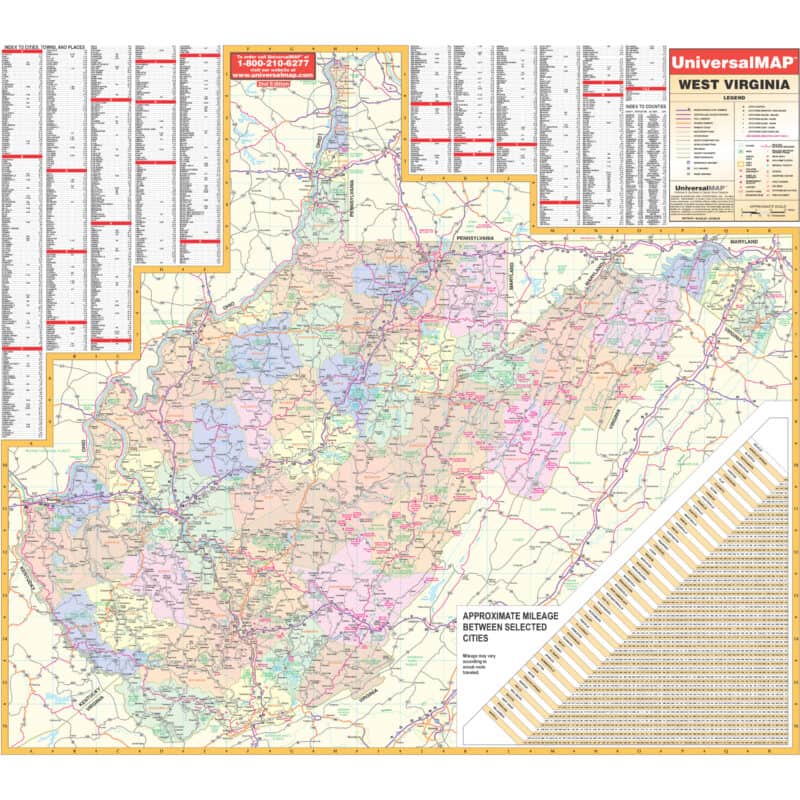 The West Virginia State Wall Map by Kappa Map Group is a comprehensive cartographic tool, providing an in-depth view of the state. This map includes cities and counties indexed on its face for easy navigation. It features color-coded counties and a handy mileage chart to calculate distances between major cities. Detailing all state and federal highways, major waterways, state universities, military installations, major airports, state parks, and wildlife areas, it covers a wide range of geographical and infrastructural elements. Additionally, the map presents cities, towns, and various points of interest across West Virginia, making it a valuable resource for residents, professionals, and visitors seeking detailed geographic information.
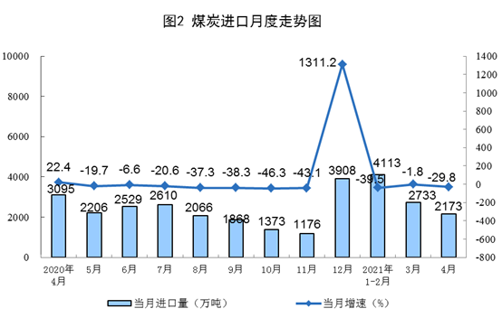 原煤生產(chǎn)有所下降。4月份,生產(chǎn)原煤3.2億噸,同比下降1.8%,比2019年4月份增長(zhǎng)4.0%,兩年平均增長(zhǎng)2.0%,日均產(chǎn)量1074萬(wàn)噸;進(jìn)口煤炭2173萬(wàn)噸,同比下降29.8%。
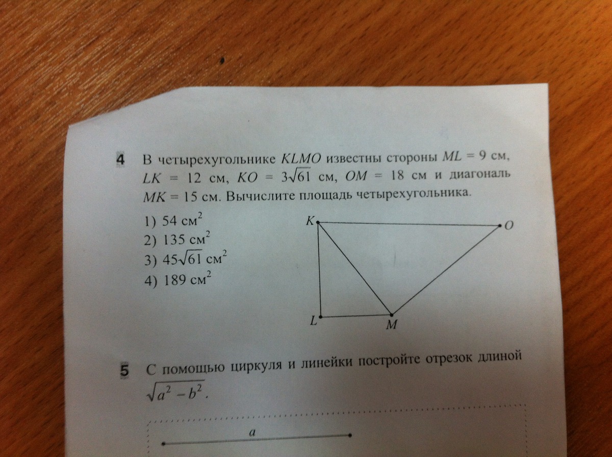 S(четырехугольника KLMO)=S(Δ KML)+S(Δ KM0)=54+135=189 кв. ед
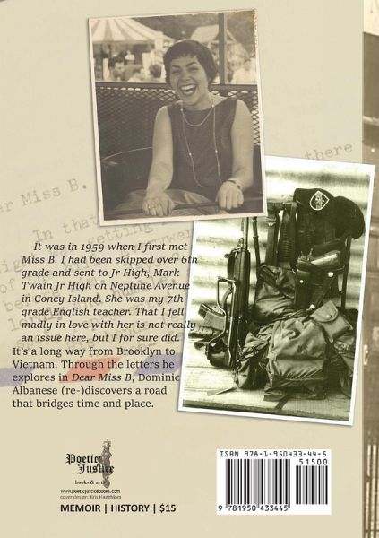 It was in 1959 when I first met Miss B. I had been skipped over 6th grade and sent to Jr High, Mark Twain Jr High on Neptune Avenue in Coney Island. She was my 7th grade English teacher. That I fell madly in love with her is not really an issue here, but I for sure did. It’s a long way from Brooklyn to Vietnam. Through a surprise package of fifty-year-old letters he explores in Dear Miss B, Dominic Albanese (re-)discovers a road that bridges time and place.
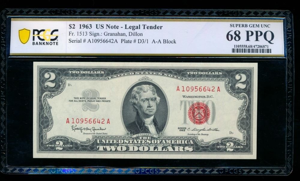 One 1963 $2 Legal Tender Note PCGS 68PPQ.
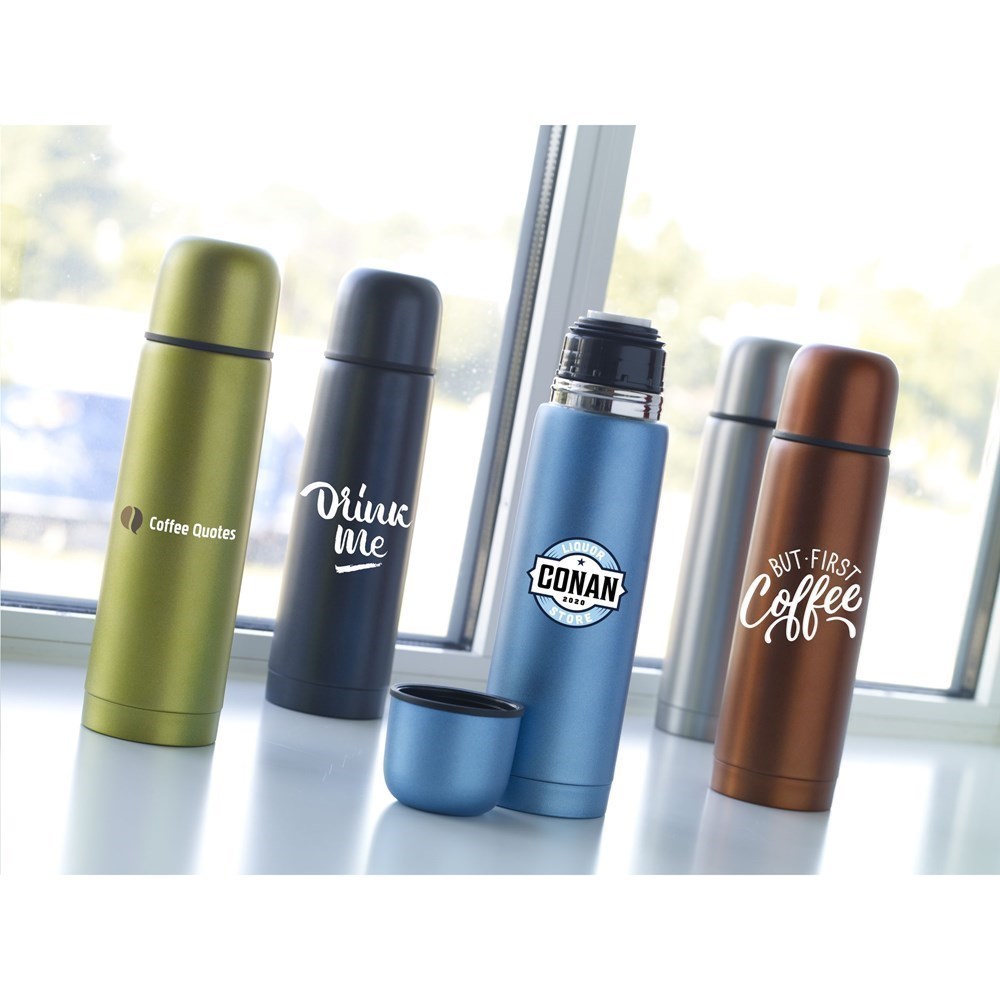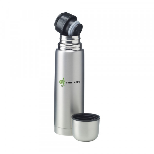 Doppelwandige, vakuumisolierte, rostfreie Edelstahl Thermoflasche mit doppeltem Schraubkopf und einem nützlichen Schanksystem. Der Deckel ist auch als Trinkbecher zu gebrauchen. Abgerundet durch ein gefrostetes Metallfinish. Fassungsvermögen: 500 ml. Pro Stück in einer Verpackung.
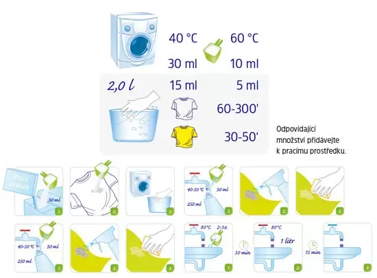 Přidejte k pracímu prášku do hlavního praní podle dávkovací tabulky.
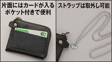 お財布の中身って意外と多いですよね。でも大きな財布だと持ち歩くにはちょっと不便…。でもこのお財布ならYシャツのポケットに入れてもスマートに持ち歩くことができるんです。薄くて丈夫な馬革のしなやかさを生かした財布でYシャツのポケットにスッキリ収まります。軽量アルミ製のストラップ付きなのでうっかり落としたり、盗まれる心配もありません。L字型ファスナーで大きく開くのでとても取り出しやすくて便利。両サイドにはお札やカード、そして中央ファスナー部には小銭が入ります。また、片面にもカードが入るポケットが付いているのでとても便利です。馬革の自然な風合いを生かした染色を施していますので丈夫な使い込んだような味わいがあり、愛用するほどその深みは増していきます。長くお使いいただきたい逸品です。平成26年は午年「うまくいく」といわれる縁起物の馬革財布で開運・金運を願ってください。
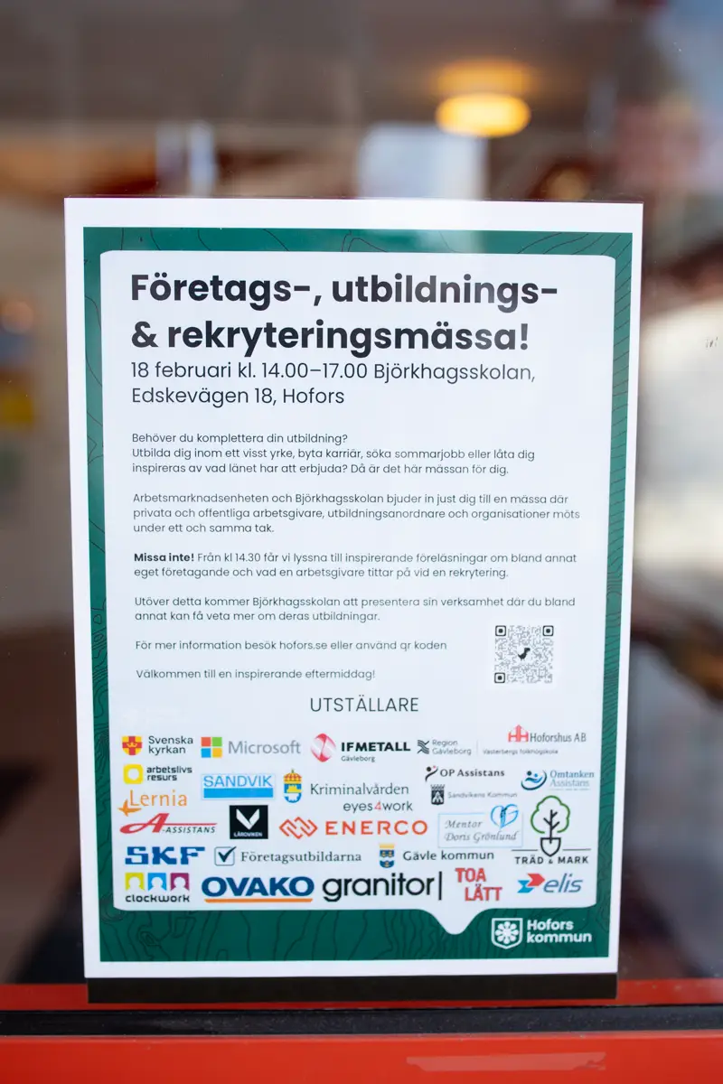 Den 18 februari deltog vi på företags-, utbildnings- och rekryteringsmässan i Björkhagsskolan i Hofors. Mässan samlade företag, utbildningsaktörer och besökare från hela regionen som ville utforska olika vägar för utveckling, karriärsteg och stärkt kompetens i arbetslivet.
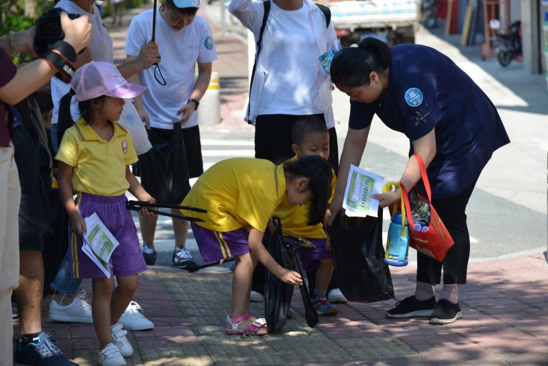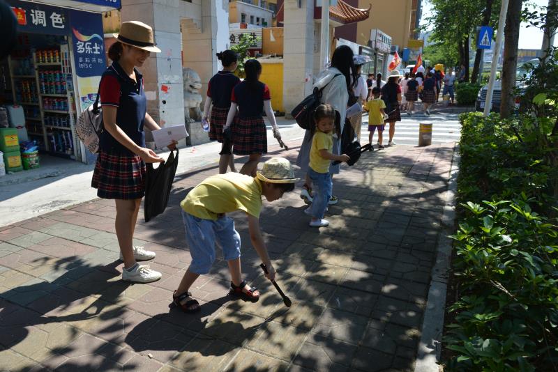 上午9點(diǎn)多,慈善小天使和志愿者們,從橫崗華明星幼兒園開(kāi)始,沿著華西村和志健廣場(chǎng)等橫崗片區(qū),一路清撿道路垃圾和與路人合影宣導(dǎo),向過(guò)往市民分發(fā)“垃圾不落地”資料,宣傳環(huán)保知識(shí)。特別支持的市民,小天使們派發(fā)了棒棒糖這一他們最好的感謝禮物。

#### PROBLEM
Using the data above, give again exactly the lines starting at the one holding "Doppelwandige, vakuumisolierte, rostfreie" and ending at the one holding "Přidejte k pracímu", inclusive, and nothing more. Omit the pictures.

#### SOLVED PROBLEM
 Doppelwandige, vakuumisolierte, rostfreie Edelstahl Thermoflasche mit doppeltem Schraubkopf und einem nützlichen Schanksystem. Der Deckel ist auch als Trinkbecher zu gebrauchen. Abgerundet durch ein gefrostetes Metallfinish. Fassungsvermögen: 500 ml. Pro Stück in einer Verpackung.
 Přidejte k pracímu prášku do hlavního praní podle dávkovací tabulky.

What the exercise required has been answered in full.